((

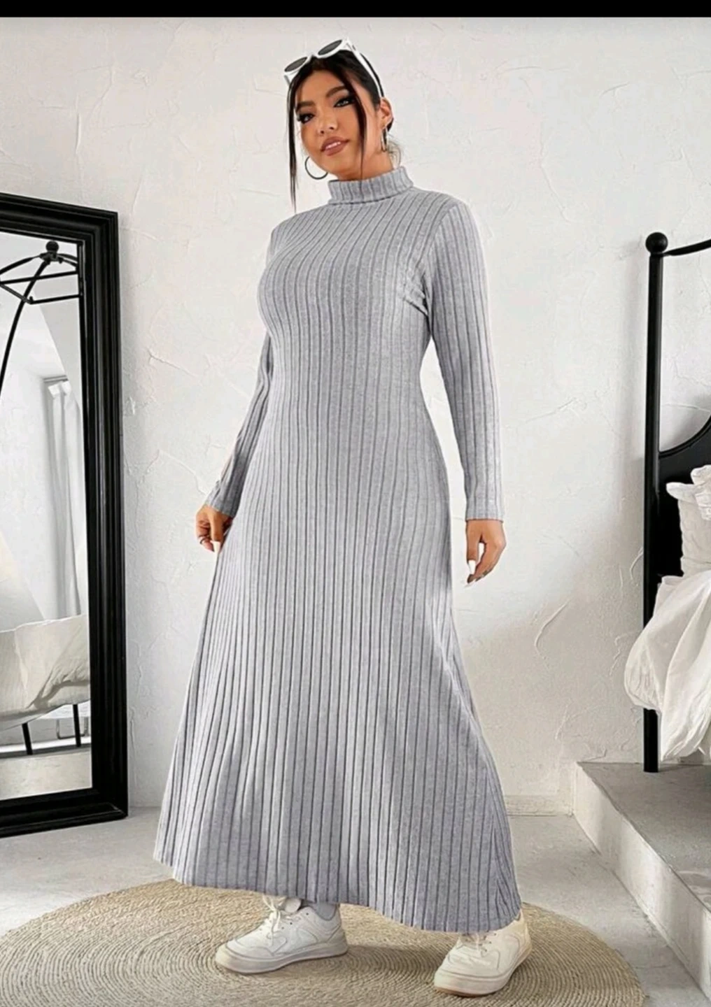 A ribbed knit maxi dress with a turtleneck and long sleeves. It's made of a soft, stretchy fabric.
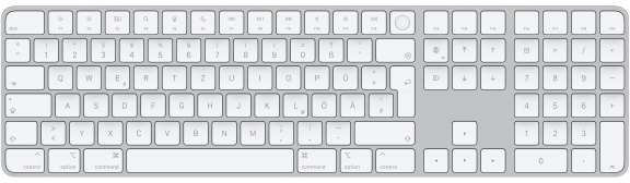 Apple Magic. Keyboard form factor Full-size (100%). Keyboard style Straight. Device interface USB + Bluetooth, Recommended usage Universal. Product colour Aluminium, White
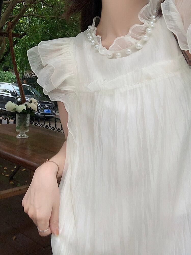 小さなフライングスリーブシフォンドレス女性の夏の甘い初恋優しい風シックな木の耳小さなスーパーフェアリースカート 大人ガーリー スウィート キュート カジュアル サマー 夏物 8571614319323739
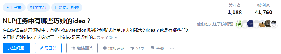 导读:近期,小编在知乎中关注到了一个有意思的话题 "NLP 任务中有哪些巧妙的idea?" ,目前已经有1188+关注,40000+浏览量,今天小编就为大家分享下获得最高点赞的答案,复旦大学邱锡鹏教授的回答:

))
((

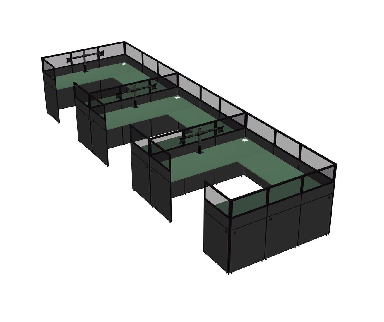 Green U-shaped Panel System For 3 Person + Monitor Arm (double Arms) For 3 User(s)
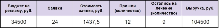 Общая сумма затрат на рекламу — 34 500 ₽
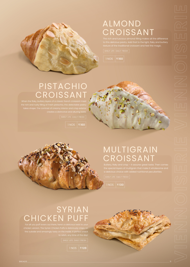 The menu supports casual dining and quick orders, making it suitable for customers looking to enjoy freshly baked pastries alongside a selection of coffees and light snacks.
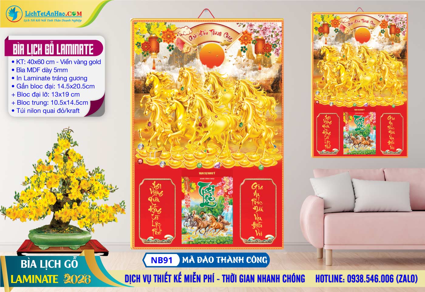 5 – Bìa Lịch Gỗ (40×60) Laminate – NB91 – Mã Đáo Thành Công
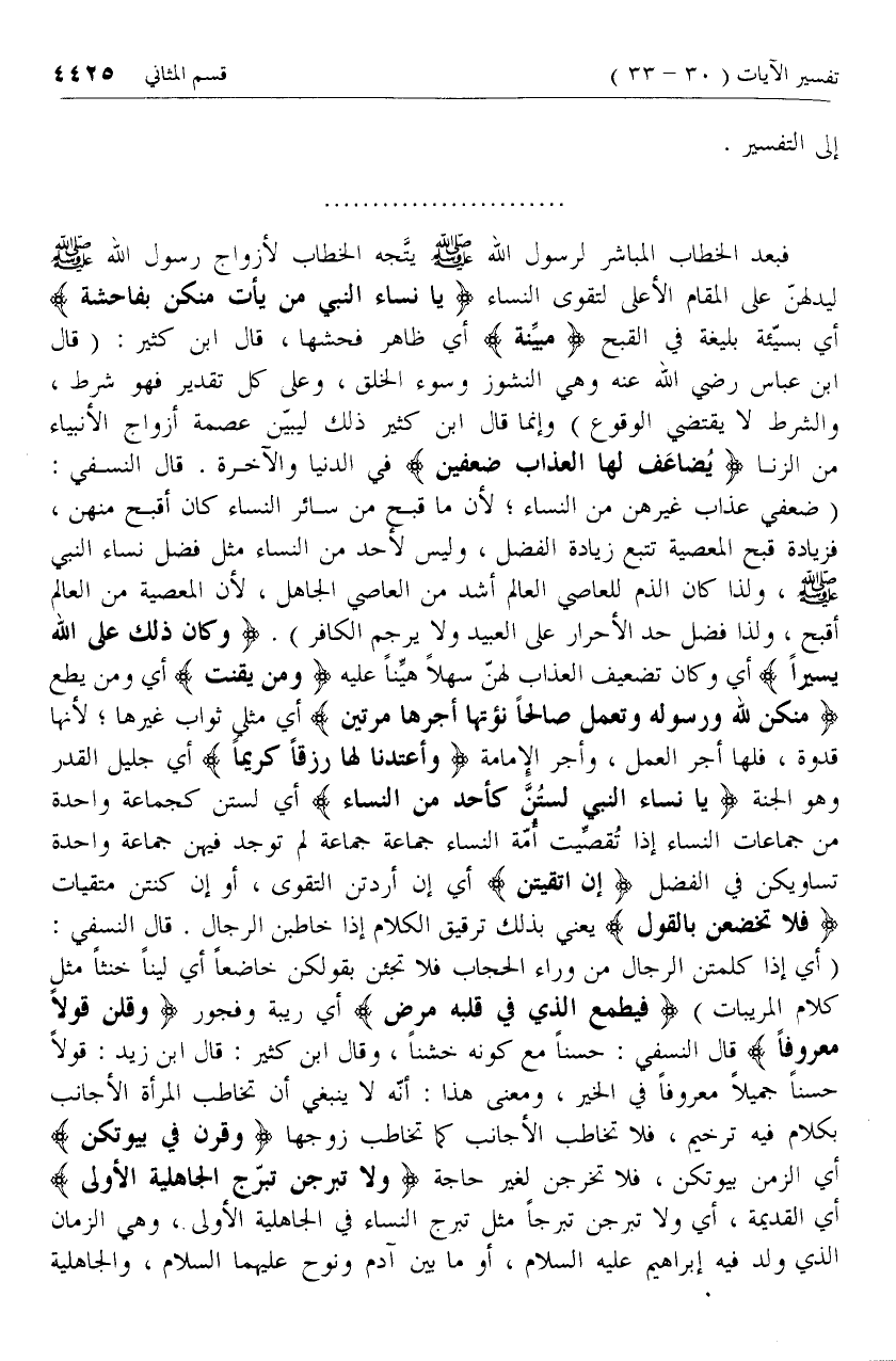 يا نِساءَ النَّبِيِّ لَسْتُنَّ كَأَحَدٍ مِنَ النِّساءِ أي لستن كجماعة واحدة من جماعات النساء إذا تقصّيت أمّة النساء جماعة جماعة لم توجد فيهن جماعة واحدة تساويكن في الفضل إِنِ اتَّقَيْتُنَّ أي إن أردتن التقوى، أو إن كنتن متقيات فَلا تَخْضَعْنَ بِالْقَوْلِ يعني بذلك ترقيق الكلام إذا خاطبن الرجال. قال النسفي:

))
((

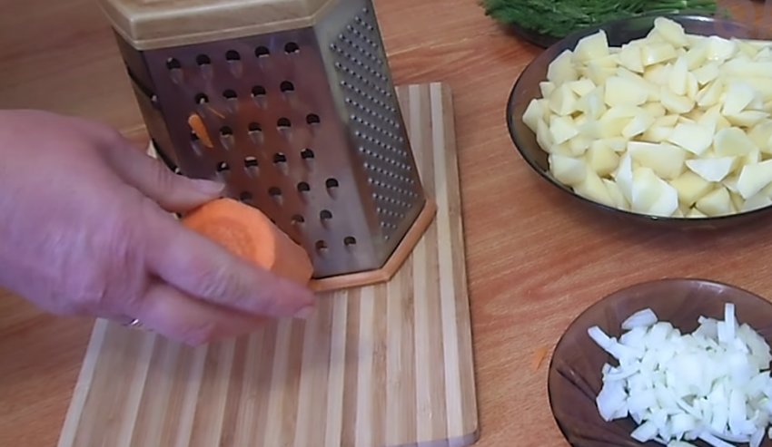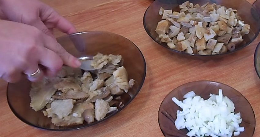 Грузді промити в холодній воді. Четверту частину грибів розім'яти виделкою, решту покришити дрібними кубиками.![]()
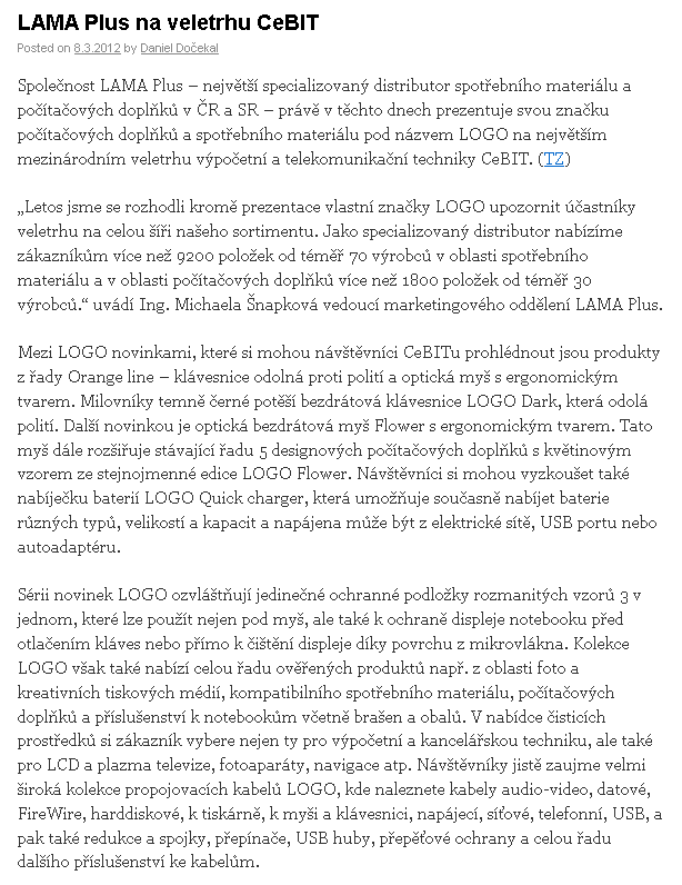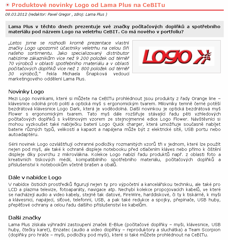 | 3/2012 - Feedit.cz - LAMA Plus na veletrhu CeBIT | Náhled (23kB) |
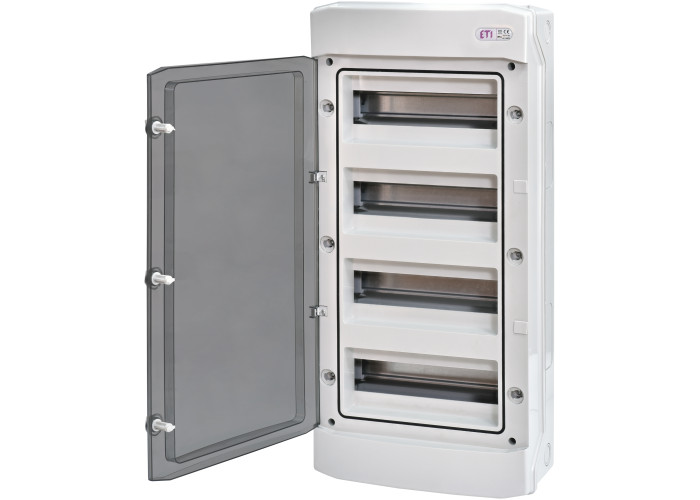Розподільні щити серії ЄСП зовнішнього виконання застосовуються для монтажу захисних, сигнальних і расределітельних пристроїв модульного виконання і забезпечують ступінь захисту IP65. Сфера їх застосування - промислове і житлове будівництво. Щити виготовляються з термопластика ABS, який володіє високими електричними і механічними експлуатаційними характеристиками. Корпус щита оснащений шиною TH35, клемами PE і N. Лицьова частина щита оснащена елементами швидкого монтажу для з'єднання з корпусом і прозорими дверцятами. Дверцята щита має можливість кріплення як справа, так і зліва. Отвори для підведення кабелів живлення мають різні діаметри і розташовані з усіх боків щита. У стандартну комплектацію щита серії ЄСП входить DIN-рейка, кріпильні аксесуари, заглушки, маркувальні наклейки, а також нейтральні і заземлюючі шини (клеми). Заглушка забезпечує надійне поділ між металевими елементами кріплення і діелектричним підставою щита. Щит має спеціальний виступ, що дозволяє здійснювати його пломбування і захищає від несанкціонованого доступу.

))

- Task directions: Beginning with the line above that has "Общая сумма затрат на рекламу — 34 500 ₽" and going on through the line that has "يا نِساءَ النَّبِيِّ", retype every line exactly and add nothing else; drop the pictures.

- Response area:
 Общая сумма затрат на рекламу — 34 500 ₽
 The menu supports casual dining and quick orders, making it suitable for customers looking to enjoy freshly baked pastries alongside a selection of coffees and light snacks.
 5 – Bìa Lịch Gỗ (40×60) Laminate – NB91 – Mã Đáo Thành Công
 يا نِساءَ النَّبِيِّ لَسْتُنَّ كَأَحَدٍ مِنَ النِّساءِ أي لستن كجماعة واحدة من جماعات النساء إذا تقصّيت أمّة النساء جماعة جماعة لم توجد فيهن جماعة واحدة تساويكن في الفضل إِنِ اتَّقَيْتُنَّ أي إن أردتن التقوى، أو إن كنتن متقيات فَلا تَخْضَعْنَ بِالْقَوْلِ يعني بذلك ترقيق الكلام إذا خاطبن الرجال. قال النسفي:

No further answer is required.